The department’s cyber security regulation requires banks, insurers and other financial services institutions that it regulates to have a cyber security program designed to protect consumers’ private data; a written policy or policies that are approved by the board or a senior officer; a chief information security officer to help protect data and systems; and controls and plans in place to help ensure the safety and soundness of New York’s financial services industry.

Part 500 of Title 23 of the Official Compilation of Codes, Rules and Regulations of the State of New York, otherwise known as 23 NYCRR Part 500, became effective March 1, 2017, and the 180-day transitional period ended Aug. 28, when covered entities were required to be in compliance with requirements of Part 500 unless otherwise specified. Covered entities are required to submit the first certification by Feb. 15, 2018, according to the department.

Part 500 is “designed to promote the protection of customer information as well as the information technology systems of regulated entities. This regulation requires each company to assess its specific risk profile and design a program that addresses its risks in a robust fashion,” according to the regulation.

Insurers and brokers have faced challenges along the road to compliance, according to several of those involved in the process.

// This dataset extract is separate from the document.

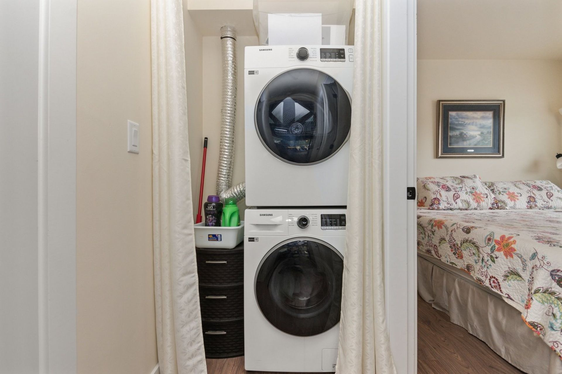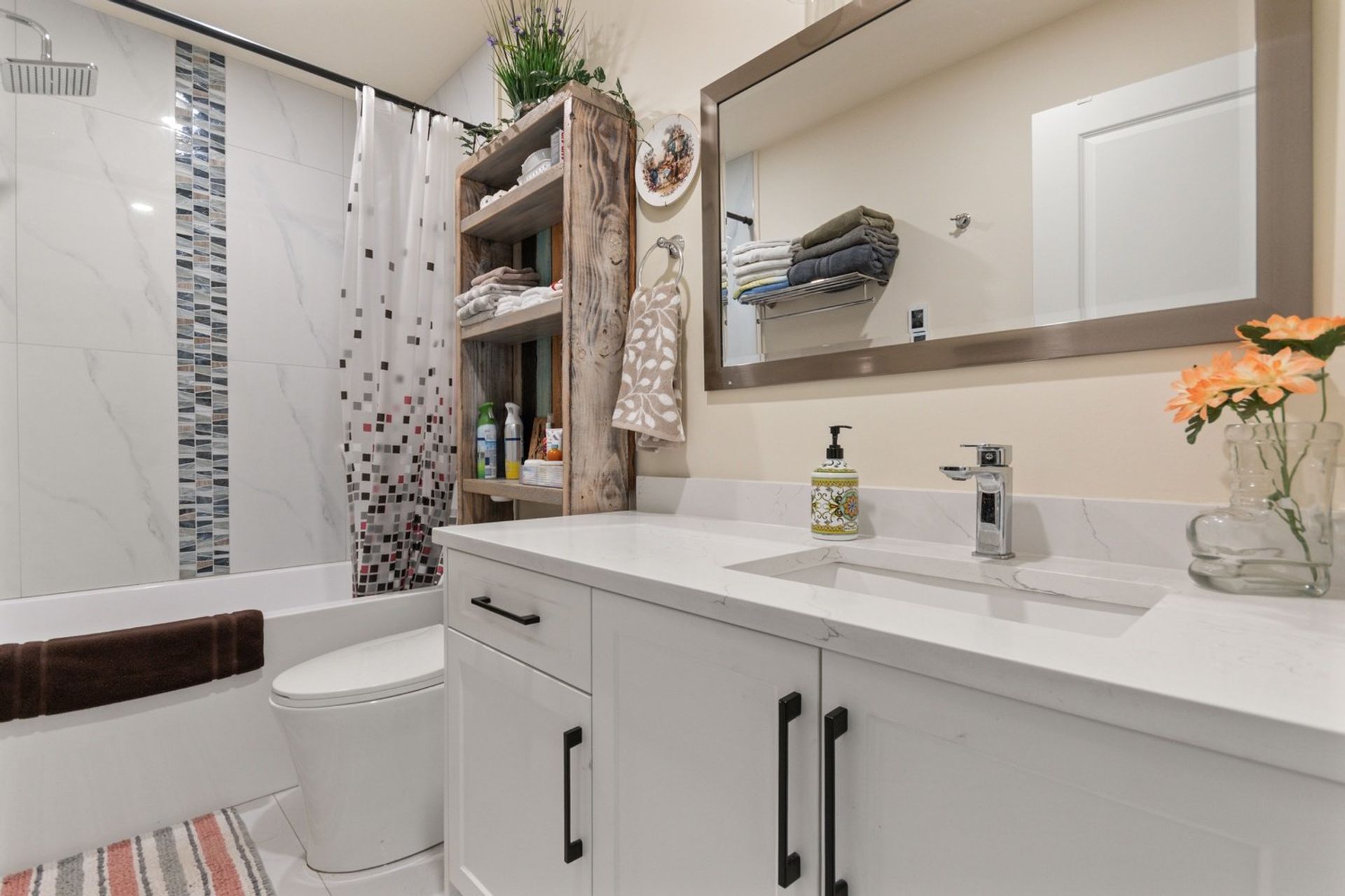 The remainder of the main floor includes, two bedrooms, a stacked closeted washer & dryer, and deluxe four-piece main bath with subway tiling including accents, quartz counters, and a deep soaker tub.

“Insurers and brokers, compared with their banking counterparts, which have been practicing sophisticated cyber security for years, are playing catch-up because they’ve never had to be as secure as banking regulators have forced banks to be,” said Scott Corzine, senior managing director with Ankura Consulting Group L.L.C. in New York.

Part of the burden is managing insurers’ and brokers’ vendors, which must also comply with the new standards, experts say.

“Compliance with the vendor management provisions has led to challenges,” said James Gkonos, special counsel with Saul Ewing Arnstein & Lehr L.L.P. in Philadelphia. “As part of the requirement that covered entities ensure compliance by third-party vendors, they must track compliance. Many companies have neither done this in the past nor dedicated the resources to this task, so this new requirement is proving to be a challenge.”

“The biggest unknown and difficulty factor for insurers and brokers to get over is how they identify third-party information parties, which are addressed in Part 500,” Mr. Corzine said. “They must risk-assess vendors and set minimum standards. They must go into the field and validate vendor cyber security, and must do it regularly. That’s a bear.”

Mr. Gkonos adds that there may also be a time crunch involved.

“For companies with many contracts with affected third-party vendors, the logistics of renegotiating these contracts within the prescribed time frame could be daunting,” he said.

There will likely also be more work for some companies’ board members.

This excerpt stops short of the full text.